At the top of the screen, there is a timer in the middle. This countdown only applies to the normal stages where you have to move ahead on your own pace. At the lower left is a vertical health bar. Your skater can suffer several hits before losing a life, though falling down a pit or landing on spikes results in immediate, swift death. The lower right area shows markers that indicate how many special attacks are remaining for the stage. There is a separate screen at the start of each stage that displays your score, high score, current level, and number of lives remaining. There are no powerups in the game for replenishing any of these elements. However, you can earn an extra life when reaching either 20,000, 50,000, or 80,000 points.

The obvious gimmick to Rollergames is that you play the entire game while on roller skates.

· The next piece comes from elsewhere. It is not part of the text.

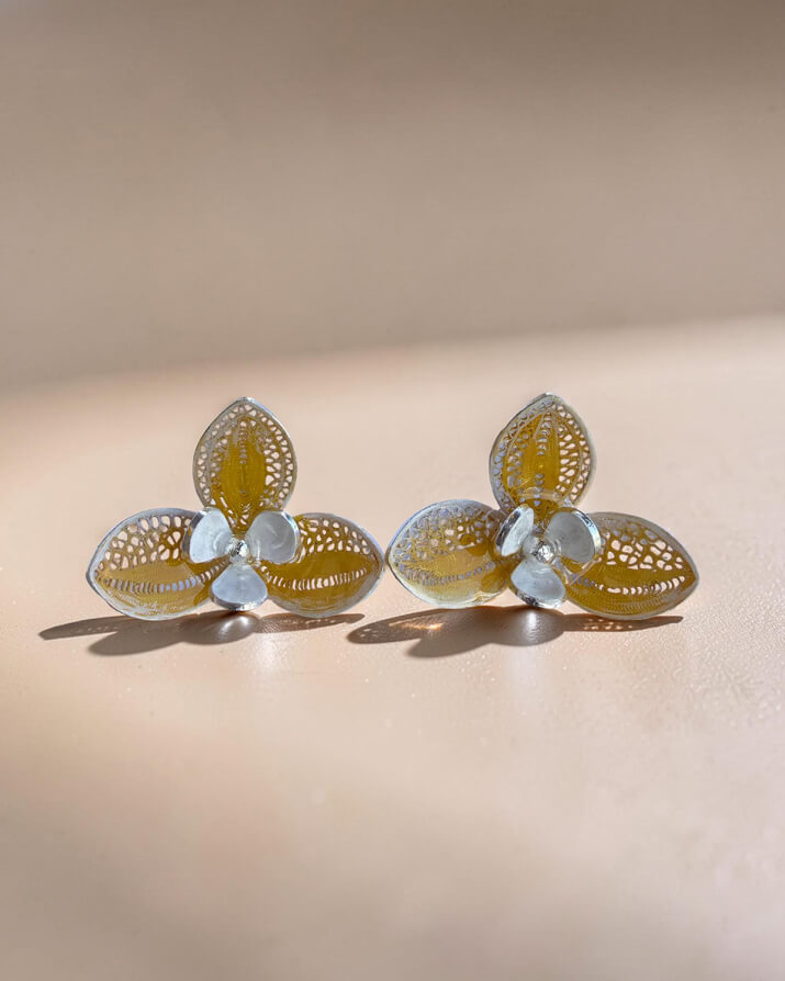 Los Aretes Pétalos están inspirados en la delicadeza de las orquídeas ecuatorianas. Hechos a mano en filigrana de plata con esmaltado translúcido, permiten que la luz atraviese cada detalle, creando un brillo suave y único. Ligeros, femeninos y profundamente artesanales, una pieza para hacerte brillar.

As a result, your character controls in a fitting manner. It’s akin to playing a game with nothing but ice levels and ice physics. The skaters are generally slow to accelerate and slow to come to a stop. Often, I found myself making quick turns in a different direction than where I was moving to keep myself from falling. The game has various sections of platforming where you need clear gaps of different sizes. Not only that, but there are falling platforms, moving platforms, and crumbling floors to deal with. It’s a tough combination to work with and there is much trial and error involved to learn the right moves.

Slopes and tiny jumps on roller skates don’t mix.

The game balances this difficulty out in several ways. The levels tend to be reasonably short with checkpoints after every sublevel. The hand-to-hand combat is simple and the enemies themselves don’t pose much of a threat. Lastly, there are infinite continues in the game, so you can keep banging away at each level until you clear it. You always start at the beginning of each sublevel if you die, so once you reach the checkpoint you don’t have to play past sections again.

Seeing as it’s a Konami game in the middle of the NES lifespan, Rollergames is a quality title. Not only do the controls make sense, but the game has good graphics and some excellent music. It’s the soundtrack that really stands out overall. In my mind, it has a similar sound to TMNT II and III. Maybe that is because both games are beat-em-ups, but regardless it sounds good and it suits the game well.

I first played Rollergames last year for the NintendoAge weekly contest. Unfortunately, I did not have much time to play that week and I only reached Stage 2. That was barely any experience so this was the first time I seriously played Rollergames. This was one of those filler titles that I acquired in a random NES game lot that I purchased back in my collecting heyday. When it showed up on the list, I knew that Rollergames was a pretty good game that is easily overlooked, so I was happy to play through it.

This part is particularly devilish.

I beat Rollergames over two days and those two days just happened to fall on either side of New Years, making this the first game I have played for the project over two separate years. On the first attempt, I reached Stage 5-1 and this is where I got stuck. The first part of level isn’t all that bad, but the section right before the checkpoint is pretty nasty. You have to cross along the edge of a cliff where the ground periodically crumbles away in front of you. It forces you to move slowly to reveal the hidden gaps, and then you must back up enough to get the momentum to leap to the other side. But you must be careful not to go too far past the hole or you will fall into the next one. It wouldn’t be so bad if the controls weren’t slippery, but here it’s a pretty evil little section under the game’s ground rules. After several attempts at Stage 5-1 I turned the game off for the night.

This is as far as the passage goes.